**DATA TO USE**
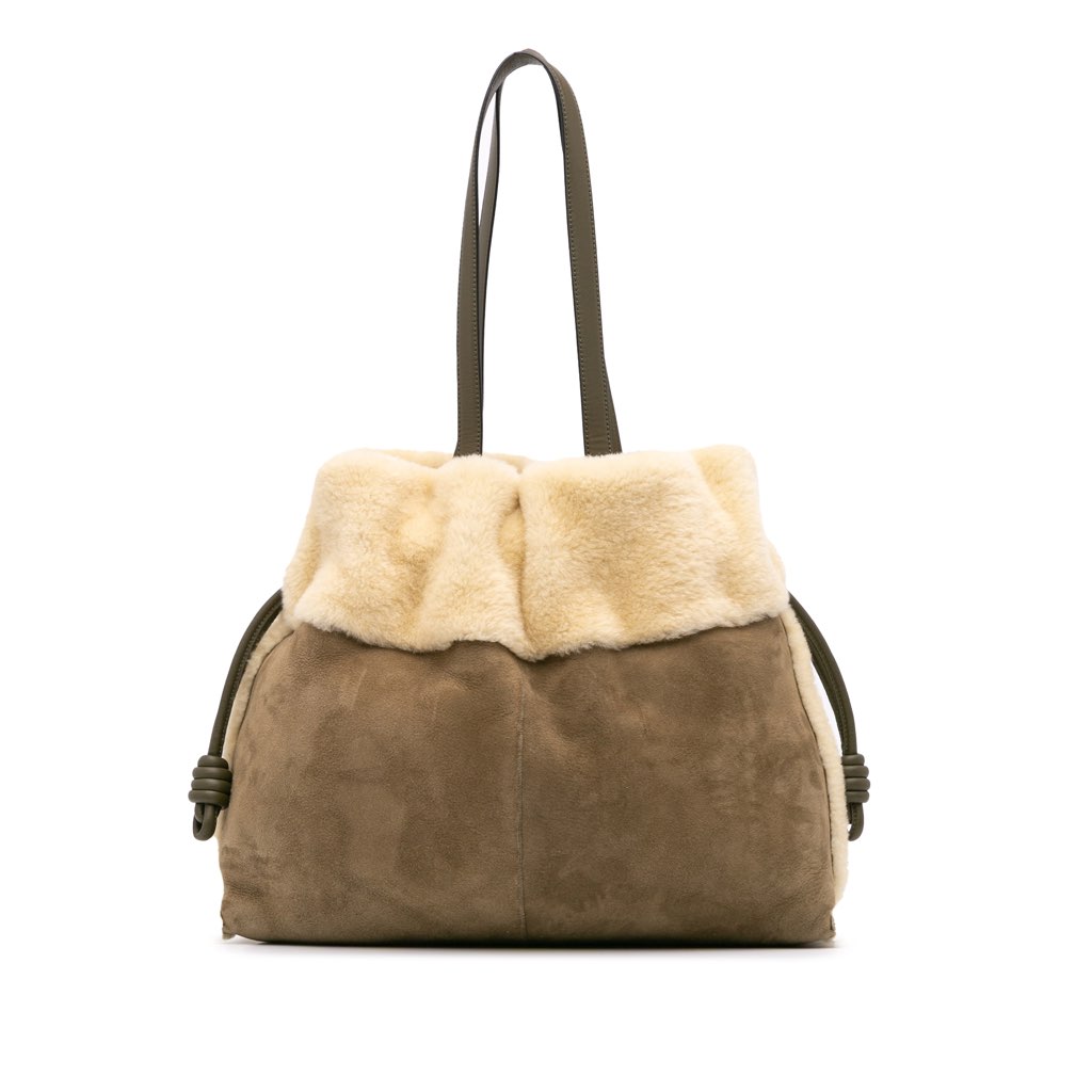 The Flamenco features a suede leather body with faux fur trim, flat leather straps, a magnetic button closure, and an interior zip pocket.
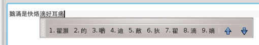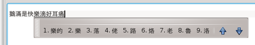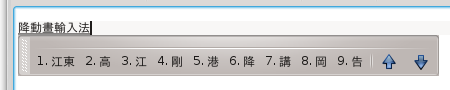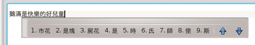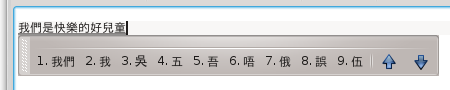 instead? CAP shows you all words that can begin the current romanization in the conversion buffer in a candidate window, ordered by decreasing likelihood it determines for them given the context. The candidate window shows only one row of candidates at a time and can be scrolled up and down using the up and down keys or the page-up and page-down keys. Of course if you’ve used any kind of input method at all, you’re familiar with this.
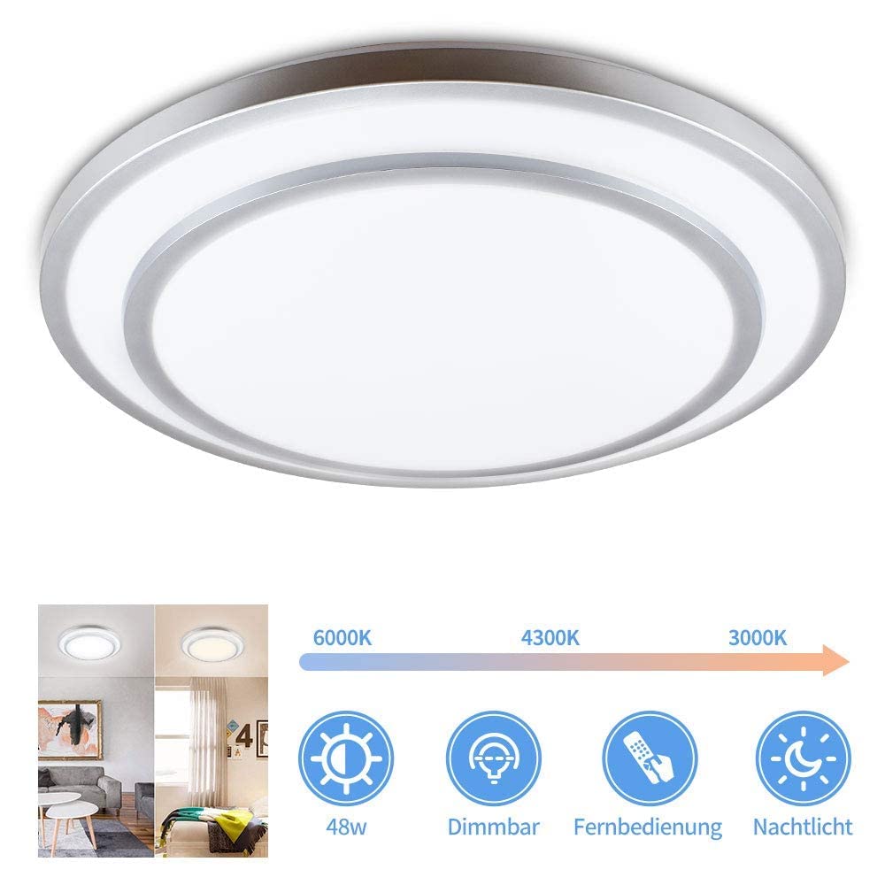 Hell und sparsam: Diese Deckenleuchte spart mehr als 85 % der Beleuchtungs- und Stromkosten und verursacht weniger CO2-Emissionen im Vergleich zu anderen Lampen. Andere Fernbedienungen können die Lampe beschädigen. Wir widmen uns der kontinuierlichen Verbesserung unserer Produkte nach Kundenbewertungen. Depuley Modern Arc Led Padló Lámpa Parasztház Álló Lámpák Függő Gleichzeitig kann diese Innenleuchte dank ihrer energiesparenden 2835 LED-Chips und des Lampenschirms mit hoher Lichtdurchlässigkeit einen hellen und klaren Strahl ohne Blendung abgeben. 48 W LED-Deckenleuchte, dimmbar: Elegante Optik: Design aus gebürstetem Aluminium, mit 2 Schichten schwarzem Rand, 3 Lichter (kaltweiß, natürliches Licht, warmweiß) und die Helligkeit des Lichts kann über die Fernbedienung eingestellt werden. Deckenlampe Eckig LED-Deckenleuchte, Schwarz, Wellendesign, 139,5cm Lang, Modern Deckenleuchte Dimmbar Sorgenfreie Sicherheit: Der hintere Isolationsantrieb kann die durch Spannungs- und Stromstöße verursachten Risiken wie Flackern und Schnarchen oder sogar Stromlecks wirksam lösen. Minimalismus: Das superdünne Erscheinungsbild nimmt weniger Platz ein und beeinträchtigt den Raum kaum. Deckel aus Acrylkunst: Der Lampenschirm ist aus hochwertigem Acrylmaterial und der Rand aus lackiertem Metall ist energiesparend und ungiftig. sowie die Dimmung der Lichtfarbe in 3000K-6500K zur Auswahl. Wirklicher: CRI85+: Diese Deckenlampe verfügt über einen CRI 85+, der es ermöglicht, sich der tatsächlichen und originellen Farbe des Objekts in seinem Licht näher zu kommen und Ihnen einen helleren und präziseren Lichteffekt zu verleihen. Das richtige Licht ist wichtig., Spezifikationen: Leistung: 48 W. Zusätzlich bietet Depuley Ihnen weitere Leuchten für Ihre Vorliebe in unserem Shop. Möchten Sie noch eine zufriedenstellende Leuchte auswählen? Sind Sie noch unzufrieden? Diese 48 W Deckenleuchte ist ein absoluter Blickfang. Darüber hinaus können Sie die anderen Einstellungen praktisch und schnell über die Fernbedienung einstellen. Hinweis: Steuerung nur über die mitgelieferte Fernbedienung, nicht für den Hausdimmer geeignet. Depuley 48 W Modern LED Flush Mount Ceiling Light with Remote Control, 18 Inch Dimmable Nickel Ceiling Light Round for Bedroom, Kitchen, Night Light, 3000 K - 6000 K, 3 Colours Share Darüber hinaus ist der Spalt zwischen der Decke und der Decke sehr tief, sodass sich nicht leicht mehr Staub ablagern kann, wodurch die versteckten Gefahren verringert werden und die sichere Lebensdauer verlängert wird. Es ist einzigartig, was Ihnen eine angenehmere Beleuchtung verleiht. Nova Luce BILBAO 9500822 LED Deckenleuchte Schwarz 25W
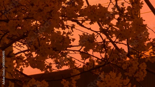 Pastel cherry blossoms at golden hour
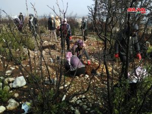 ديانا طه عاملة حراج نوهت بأن عملها لا ينحصر فقط في زراعة الغراس بل يشمل العناية بها وسقايتها بشكل دوري مبينة أنه تجري زراعة السفوح الجبلية بأصناف الصنوبر الجبلي والخرنوب والبطم والسماق والغار والحنبلاس في حين تزرع الغابات بأصناف الكينا والدردار السوري.
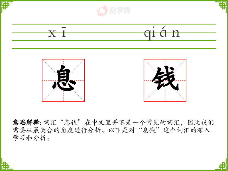 词汇“息钱”在中文里并不是一个常见的词汇,因此我们需要从最契合的角度进行分析。以下是对“息钱”这个词汇的深入学习和分析:
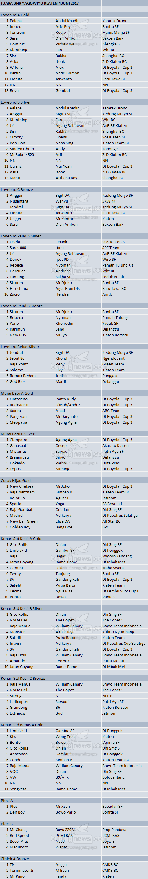 Judul : JUARA BNR YAQOWIYU KLATEN 4 JUNI 2017
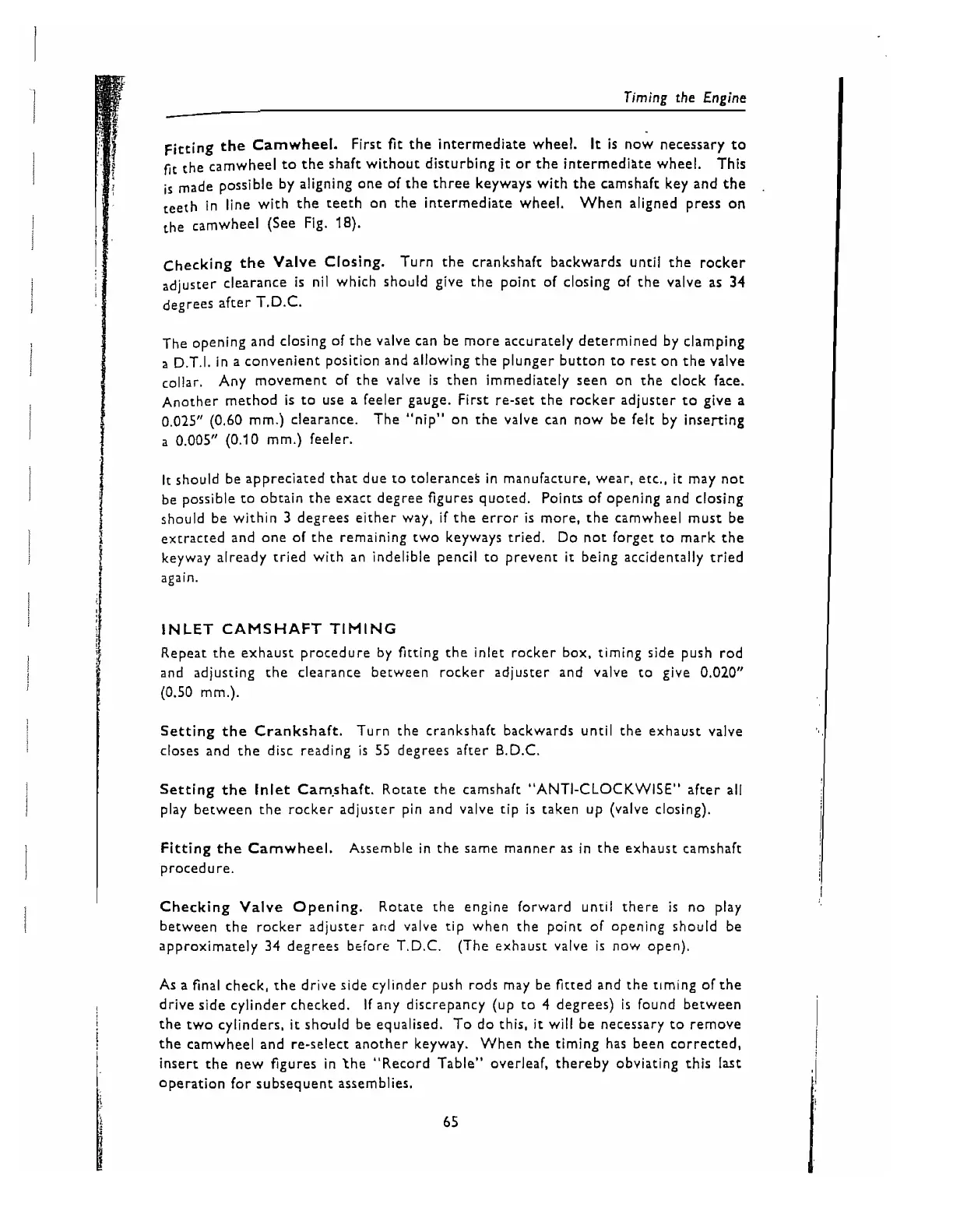 Setting the Inlet Camshaft. Rotate the camshaft "ANTI-CLOCKWISE" after all
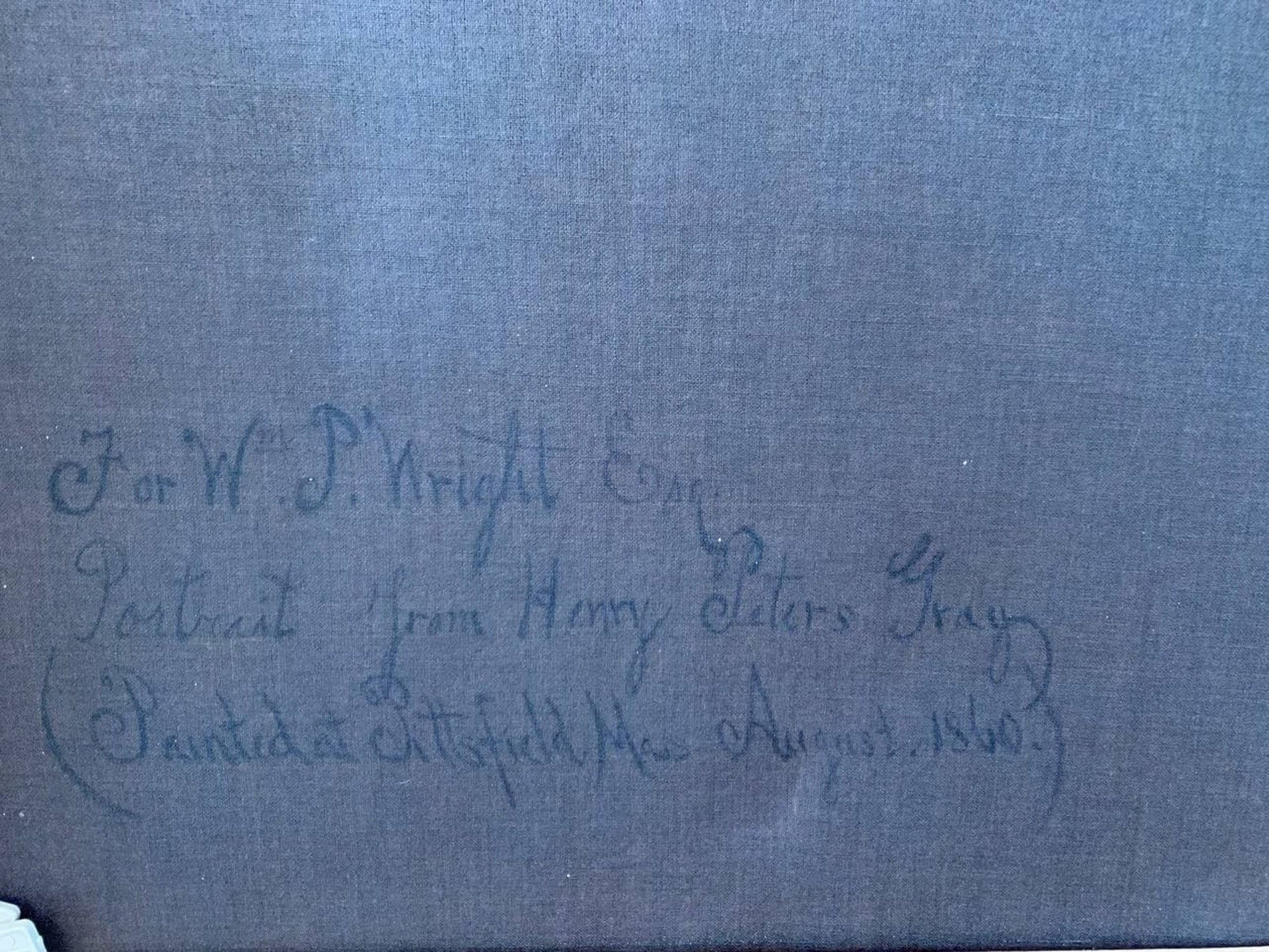 “For W.P. Wright Esq. Portrait from Henry Peters Gray. Painted at Pittsfield, MA, August 1860.”
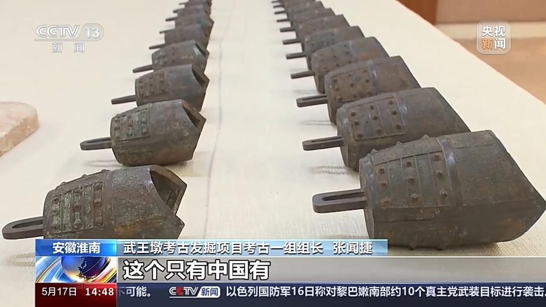 武王墩考古发掘项目考古一组组长 张闻捷:中国古代编钟在世界范围内是独一无二的,这个只有中国有,编钟它不仅仅是一个重要的礼器的器型,它也是一个很重要的音乐资料。
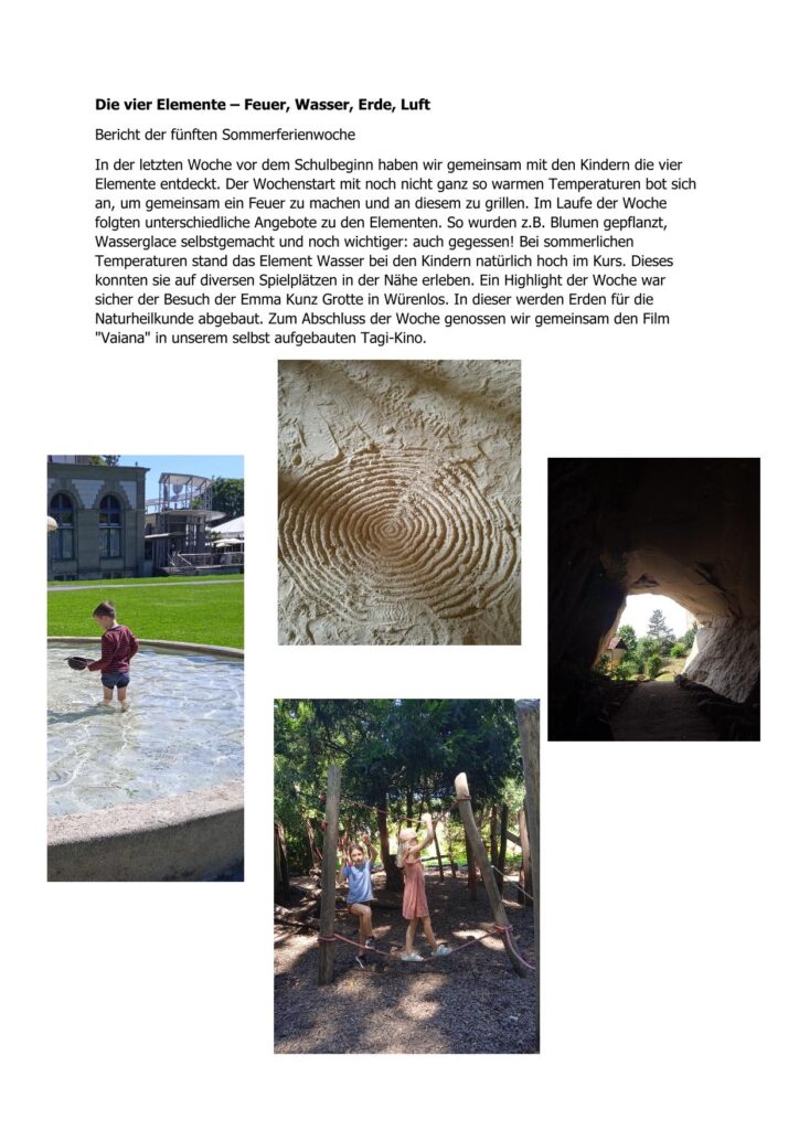 In der letzten Woche vor dem Schulbeginn haben wir gemeinsam mit den Kindern die vier Elemente entdeckt. Der Wochenstart mit noch nicht ganz so warmen Temperaturen bot sich an, um gemeinsam ein Feuer zu machen und an diesem zu grillen. Im Laufe der Woche folgten unterschiedliche Angebote zu den Elementen. So wurden z.B. Blumen gepflanzt, Wasserglace selbstgemacht und noch wichtiger: auch gegessen! Bei sommerlichen Temperaturen stand das Element Wasser bei den Kindern natürlich hoch im Kurs. Dieses konnten sie auf diversen Spielplätzen in der Nähe erleben. Ein Highlight der Woche war sicher der Besuch der Emma Kunz Grotte in Würenlos. In dieser werden Erden für die Naturheilkunde abgebaut. Zum Abschluss der Woche genossen wir gemeinsam den Film «Vaiana» in unserem selbst aufgebauten Tagi-Kino.

**TASK ITEM**
Line by line, print the records above exactly, skipping each picture.

**SOLUTION TO THIS TASK**
 The Flamenco features a suede leather body with faux fur trim, flat leather straps, a magnetic button closure, and an interior zip pocket.
 instead? CAP shows you all words that can begin the current romanization in the conversion buffer in a candidate window, ordered by decreasing likelihood it determines for them given the context. The candidate window shows only one row of candidates at a time and can be scrolled up and down using the up and down keys or the page-up and page-down keys. Of course if you’ve used any kind of input method at all, you’re familiar with this.
 Hell und sparsam: Diese Deckenleuchte spart mehr als 85 % der Beleuchtungs- und Stromkosten und verursacht weniger CO2-Emissionen im Vergleich zu anderen Lampen. Andere Fernbedienungen können die Lampe beschädigen. Wir widmen uns der kontinuierlichen Verbesserung unserer Produkte nach Kundenbewertungen. Depuley Modern Arc Led Padló Lámpa Parasztház Álló Lámpák Függő Gleichzeitig kann diese Innenleuchte dank ihrer energiesparenden 2835 LED-Chips und des Lampenschirms mit hoher Lichtdurchlässigkeit einen hellen und klaren Strahl ohne Blendung abgeben. 48 W LED-Deckenleuchte, dimmbar: Elegante Optik: Design aus gebürstetem Aluminium, mit 2 Schichten schwarzem Rand, 3 Lichter (kaltweiß, natürliches Licht, warmweiß) und die Helligkeit des Lichts kann über die Fernbedienung eingestellt werden. Deckenlampe Eckig LED-Deckenleuchte, Schwarz, Wellendesign, 139,5cm Lang, Modern Deckenleuchte Dimmbar Sorgenfreie Sicherheit: Der hintere Isolationsantrieb kann die durch Spannungs- und Stromstöße verursachten Risiken wie Flackern und Schnarchen oder sogar Stromlecks wirksam lösen. Minimalismus: Das superdünne Erscheinungsbild nimmt weniger Platz ein und beeinträchtigt den Raum kaum. Deckel aus Acrylkunst: Der Lampenschirm ist aus hochwertigem Acrylmaterial und der Rand aus lackiertem Metall ist energiesparend und ungiftig. sowie die Dimmung der Lichtfarbe in 3000K-6500K zur Auswahl. Wirklicher: CRI85+: Diese Deckenlampe verfügt über einen CRI 85+, der es ermöglicht, sich der tatsächlichen und originellen Farbe des Objekts in seinem Licht näher zu kommen und Ihnen einen helleren und präziseren Lichteffekt zu verleihen. Das richtige Licht ist wichtig., Spezifikationen: Leistung: 48 W. Zusätzlich bietet Depuley Ihnen weitere Leuchten für Ihre Vorliebe in unserem Shop. Möchten Sie noch eine zufriedenstellende Leuchte auswählen? Sind Sie noch unzufrieden? Diese 48 W Deckenleuchte ist ein absoluter Blickfang. Darüber hinaus können Sie die anderen Einstellungen praktisch und schnell über die Fernbedienung einstellen. Hinweis: Steuerung nur über die mitgelieferte Fernbedienung, nicht für den Hausdimmer geeignet. Depuley 48 W Modern LED Flush Mount Ceiling Light with Remote Control, 18 Inch Dimmable Nickel Ceiling Light Round for Bedroom, Kitchen, Night Light, 3000 K - 6000 K, 3 Colours Share Darüber hinaus ist der Spalt zwischen der Decke und der Decke sehr tief, sodass sich nicht leicht mehr Staub ablagern kann, wodurch die versteckten Gefahren verringert werden und die sichere Lebensdauer verlängert wird. Es ist einzigartig, was Ihnen eine angenehmere Beleuchtung verleiht. Nova Luce BILBAO 9500822 LED Deckenleuchte Schwarz 25W
 Pastel cherry blossoms at golden hour
 ديانا طه عاملة حراج نوهت بأن عملها لا ينحصر فقط في زراعة الغراس بل يشمل العناية بها وسقايتها بشكل دوري مبينة أنه تجري زراعة السفوح الجبلية بأصناف الصنوبر الجبلي والخرنوب والبطم والسماق والغار والحنبلاس في حين تزرع الغابات بأصناف الكينا والدردار السوري.
 词汇“息钱”在中文里并不是一个常见的词汇,因此我们需要从最契合的角度进行分析。以下是对“息钱”这个词汇的深入学习和分析:
 Judul : JUARA BNR YAQOWIYU KLATEN 4 JUNI 2017
 Setting the Inlet Camshaft. Rotate the camshaft "ANTI-CLOCKWISE" after all
 “For W.P. Wright Esq. Portrait from Henry Peters Gray. Painted at Pittsfield, MA, August 1860.”
 武王墩考古发掘项目考古一组组长 张闻捷:中国古代编钟在世界范围内是独一无二的,这个只有中国有,编钟它不仅仅是一个重要的礼器的器型,它也是一个很重要的音乐资料。
 In der letzten Woche vor dem Schulbeginn haben wir gemeinsam mit den Kindern die vier Elemente entdeckt. Der Wochenstart mit noch nicht ganz so warmen Temperaturen bot sich an, um gemeinsam ein Feuer zu machen und an diesem zu grillen. Im Laufe der Woche folgten unterschiedliche Angebote zu den Elementen. So wurden z.B. Blumen gepflanzt, Wasserglace selbstgemacht und noch wichtiger: auch gegessen! Bei sommerlichen Temperaturen stand das Element Wasser bei den Kindern natürlich hoch im Kurs. Dieses konnten sie auf diversen Spielplätzen in der Nähe erleben. Ein Highlight der Woche war sicher der Besuch der Emma Kunz Grotte in Würenlos. In dieser werden Erden für die Naturheilkunde abgebaut. Zum Abschluss der Woche genossen wir gemeinsam den Film «Vaiana» in unserem selbst aufgebauten Tagi-Kino.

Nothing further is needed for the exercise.